寝袋の中にもぐりこんでもぞもぞもぞとしたかと思うと、次の瞬間にはもう熟睡しているようだった。ニコルは、だから安心して、盗み見た体操を試してみ始めながら、どうしてこの人は命を狙われたばかりだというのにこんなにあっさり眠れるのだろうと考えた。肝が据わっているのだろうか。やっぱり暢気なのだろうか。流れ者たちを信頼しているからだろうか。でも。
加えてもらってからずっと必死で耳を働かせたお陰で、一行の人間関係が少しわかって来ている。アルガスとフェリスタの他は、ウルクディアで、アイオリーナ姫を救出するために雇われたばかりだったらしい。アルガスとフェリスタはそれより、恐らくはもうずっと前から、組んで一緒に仕事をしていたに違いない、とニコルは思っていた。なんだか、すごく息が合っているようだから。

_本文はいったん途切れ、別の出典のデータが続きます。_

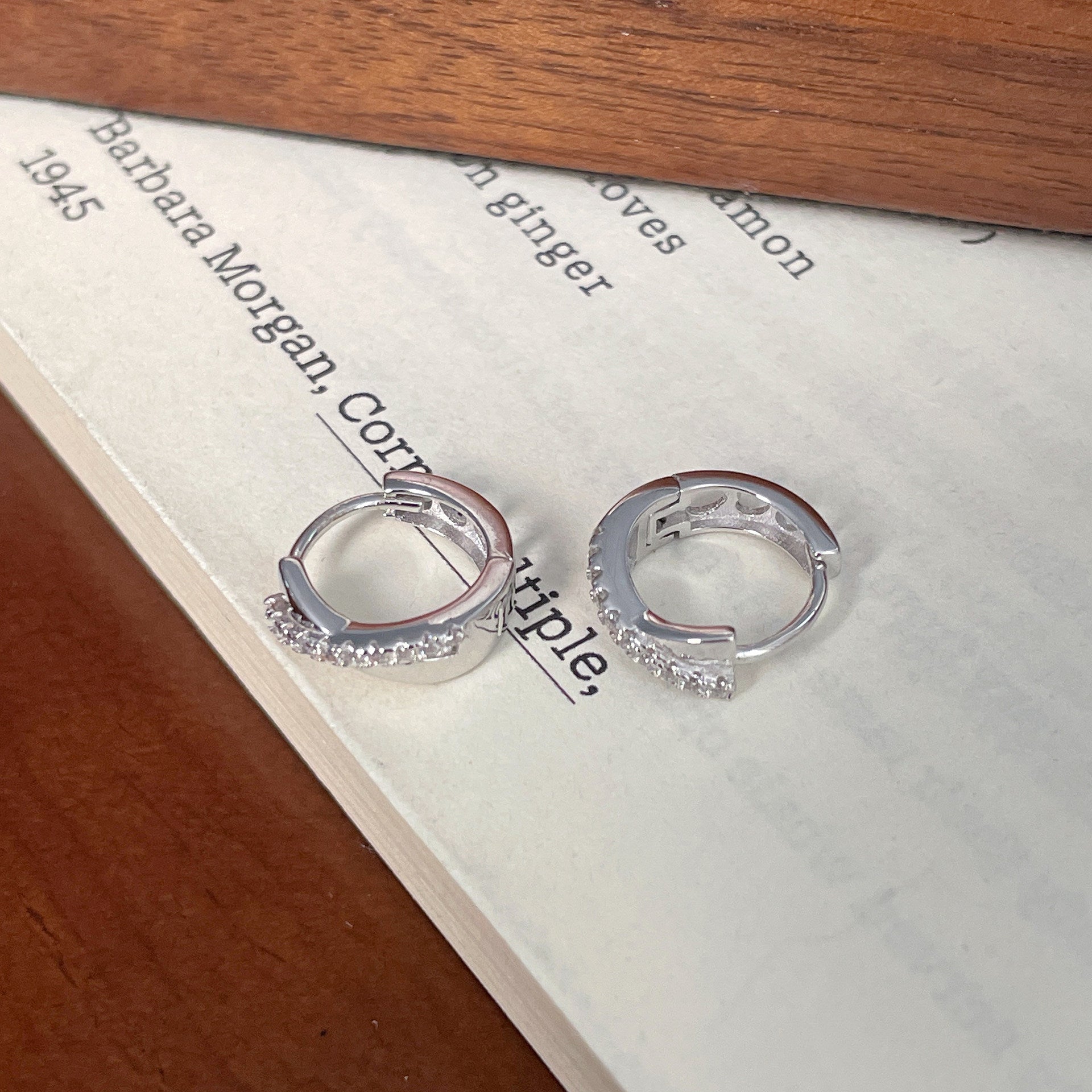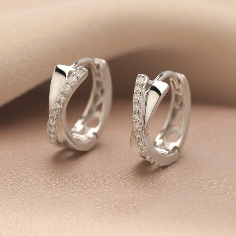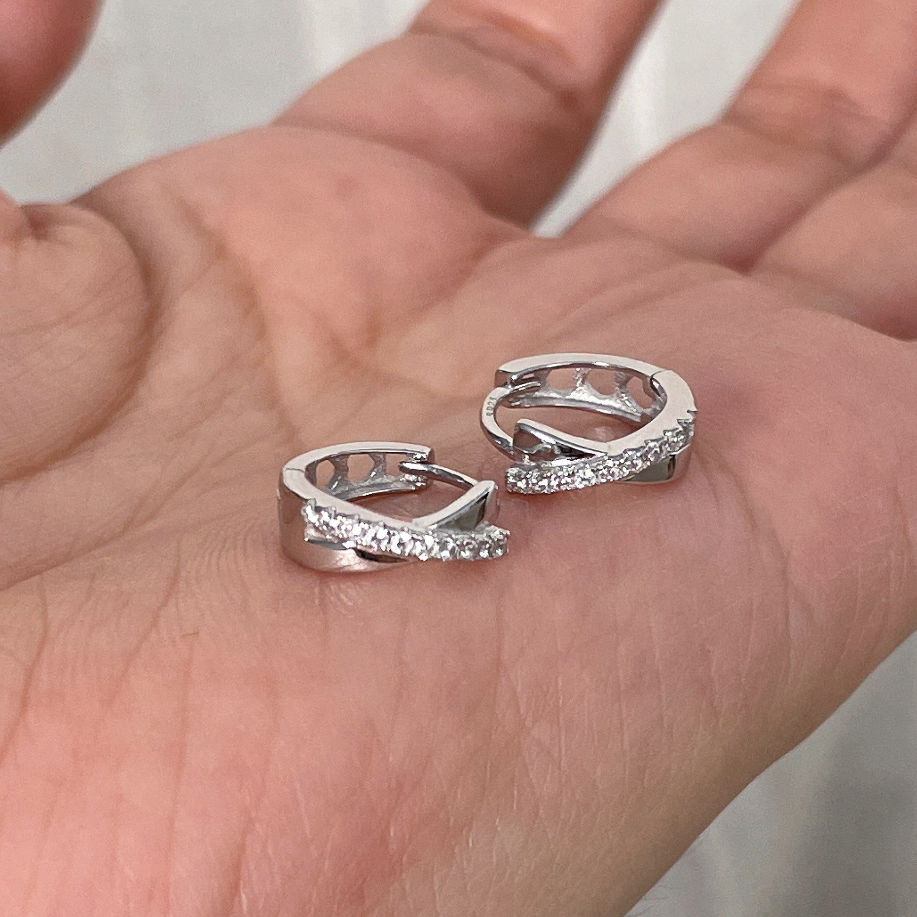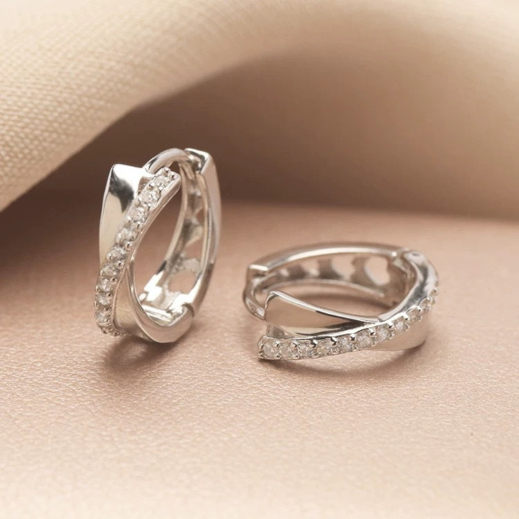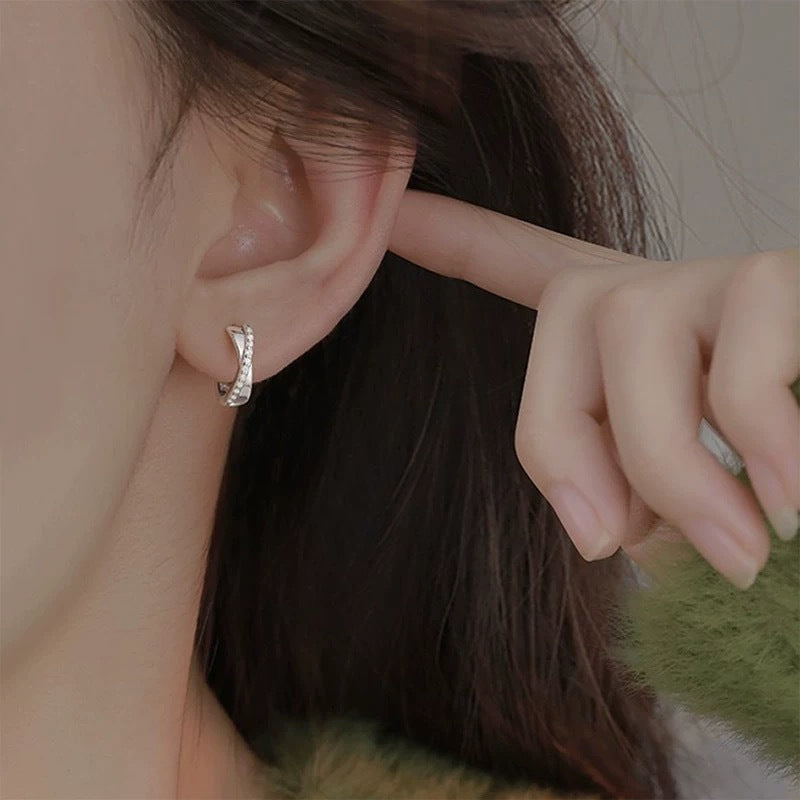 F廠【DQ10414E】S925純銀小眾設計感交叉耳扣女簡約氣質微鑲鋯石百搭耳環耳飾 25.06-4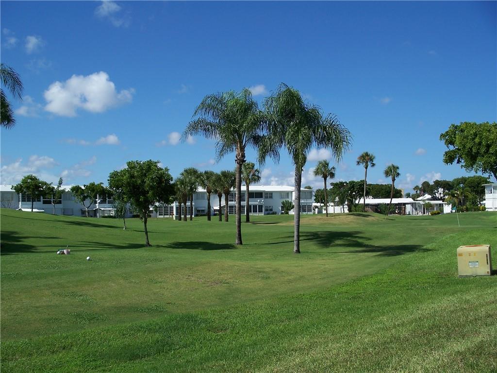 Immaculate home in golfing community. Free golf for all owners. NO LAND LEASE. Back yard features privacy berm and beautiful Frangipani tree. Tiled flooring in the living/dining area. Washer and Dryer are inside. Pets welcome. Unfurnished. Patio is located off Florida room for entertaining. Pets welcome. Close to beach and entertainment. Leisureville features two heated swimming pools, two clubhouses, community bus, golf course and activities for seniors. Maintenance includes water, painting the exterior of the home and cleaning the roof, on site management, and lawn care.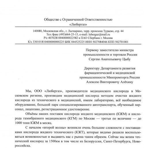 В письме в Минпромторг Козырев отмечал, что «Любергаз» является третьим по объемам поставок медицинского кислорода в Москву — до 1 тыс. в месяц.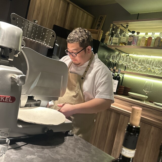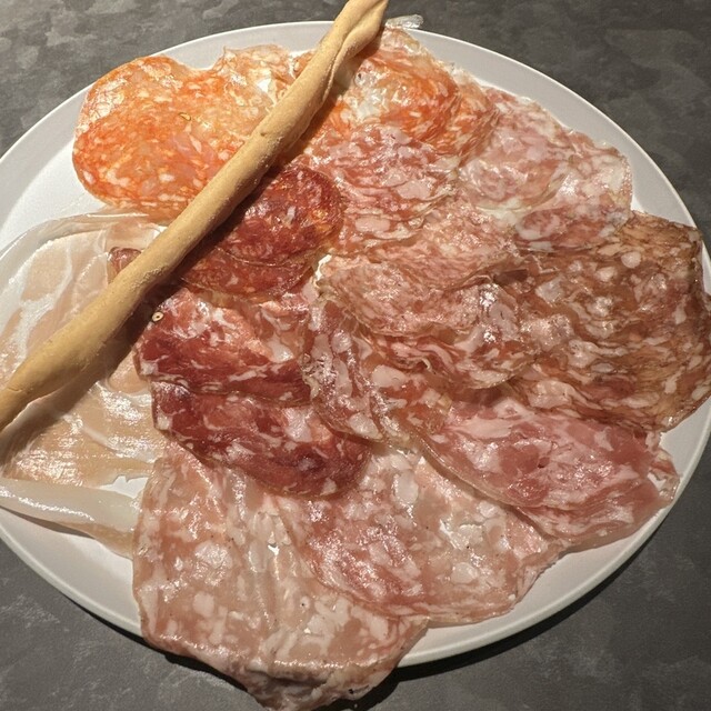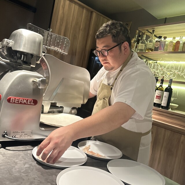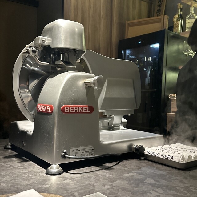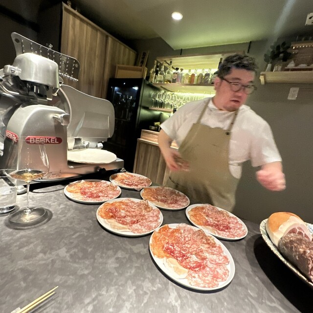 イタリアバーケル社のスライサーで色々なハムやサラミを一枚一枚を薄く丁寧にスライス、皿に並べオリジナルティ溢れる愛情の籠った味を染み染みと楽しむ。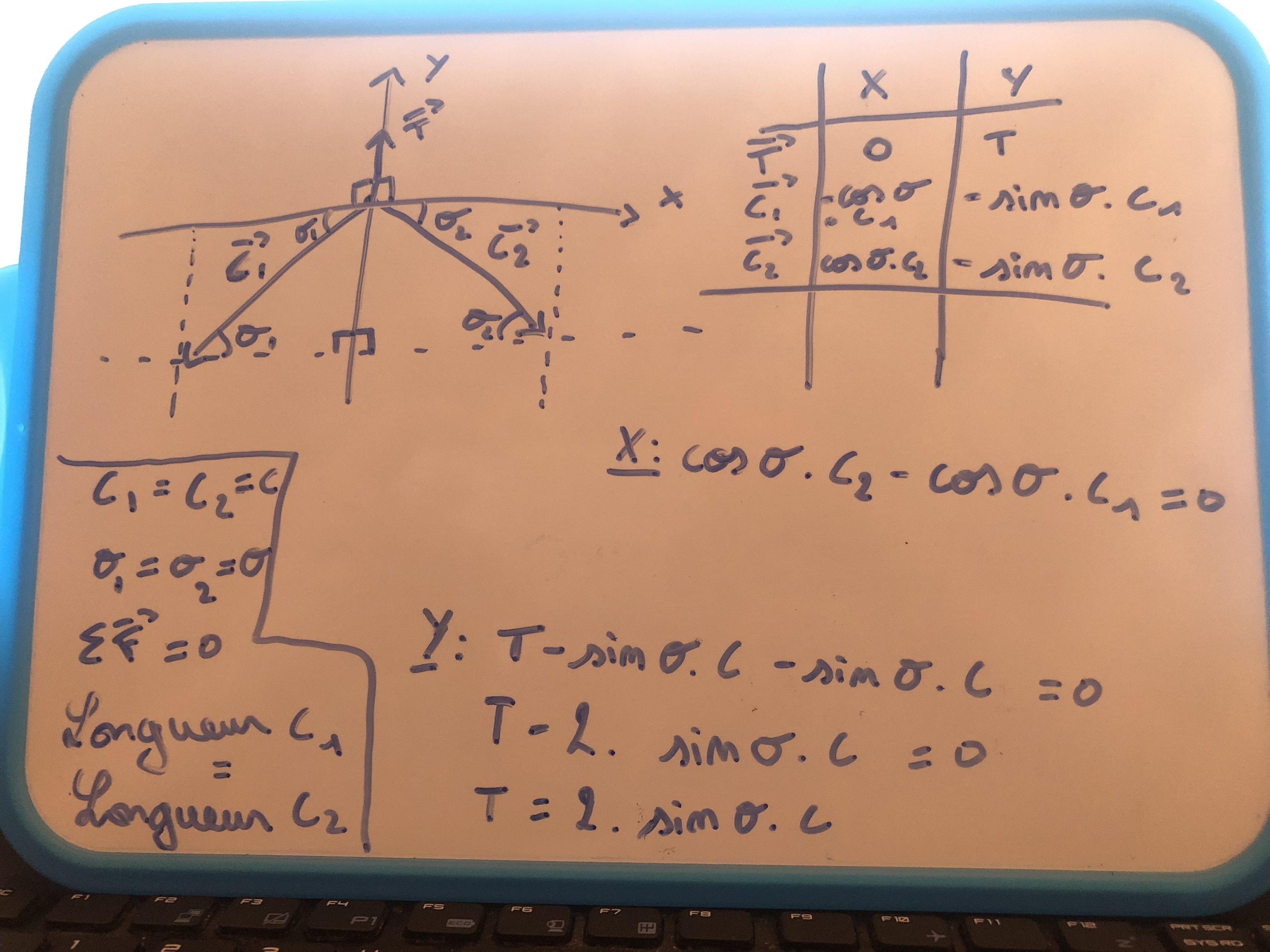 E-Bahut julesx Posté(e) le 14 août 2023 E-Bahut Signaler Posté(e) le 14 août 2023 Bonjour, Comme je n'ai pas enseigné la mécanique, je ne connais pas forcément les démarches exactes. Cela dit, ton point de départ me parait correct.. Par contre, on n'a pas T=2*sinΘ*Ff car Ff et les C ne sont colinéaires. En fait, seules les projections horizontales des C sont compensées par les Ff, donc on a C*cosΘ=Ff. De T=2*sinΘ*C et C*cosΘ=Ff, on déduit T=2*tanΘ*Ff qui, pour moi, est la réponse à la première question. Pour la suite, je pense qu'il faut exprimer Θ en fonction des données h et L. C'est facile ici, on a sinΘ=h/(L/2). On en déduit une expression de h en fonction, en particulier de T à utiliser pour répondre aux deux questions suivantes. Je te laisse regarder cela N.B.: J'ai fait comme toi, j'ai raisonné sur les normes des vecteurs. Citer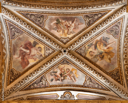 Fototapeta premium Perugia - The ceiling fresco of angels with the symbolic instruments in the...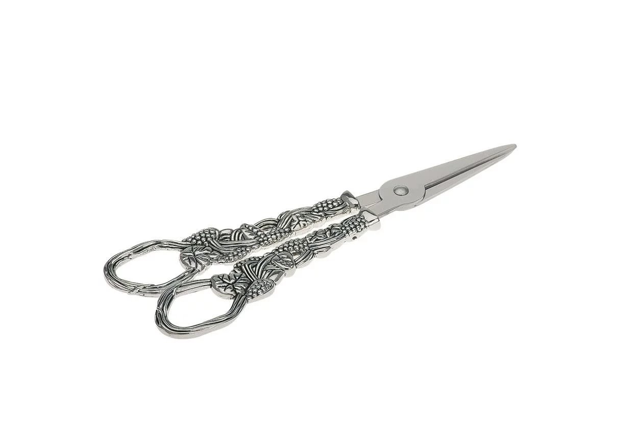 Вишукані декоративні ножиці, оздоблені деталізованим виноградним орнаментом. Завдяки елегантному дизайну та срібленому покриттю вони стануть стильним і практичним аксесуаром для сервірування столу. Чудово підходять для нарізання тонких продуктів, прикрас чи як витончений акцент у вашій колекції кухонних аксесуарів.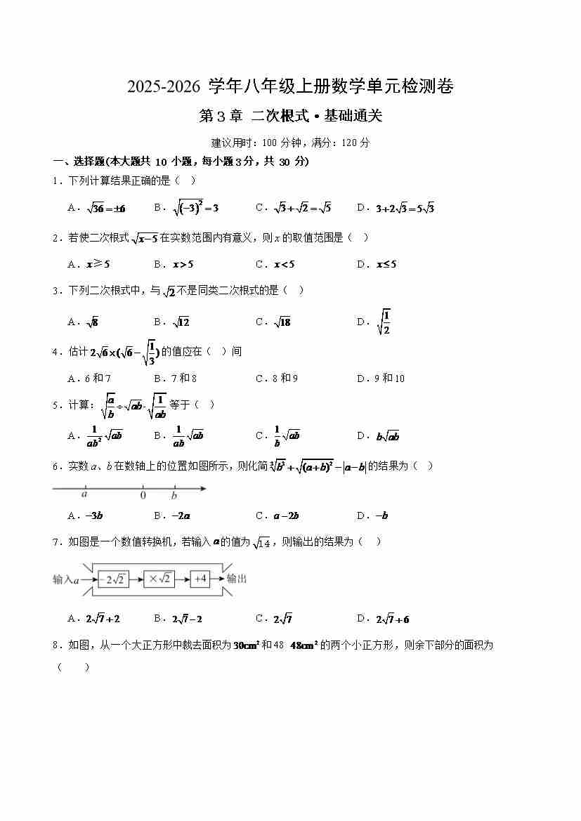第三章 二次根式(单元测试·基础卷)(考试版A4)

そしてこの三人は、かなりややこしい関係でもあるようだ。
姫がふたりのことを信頼しているのは間違いない、と、運動しながらニコルは思う。けれども、さっき、姫はアルガスから逃げるようにした。後ずさって、フェリスタの呼んだ声に、ホッとしたように駆け寄って来た。刺客に襲われた直後にも平気で眠れるほど信頼している相手なのに、一体どうしてなのだろう。気になってたまらない。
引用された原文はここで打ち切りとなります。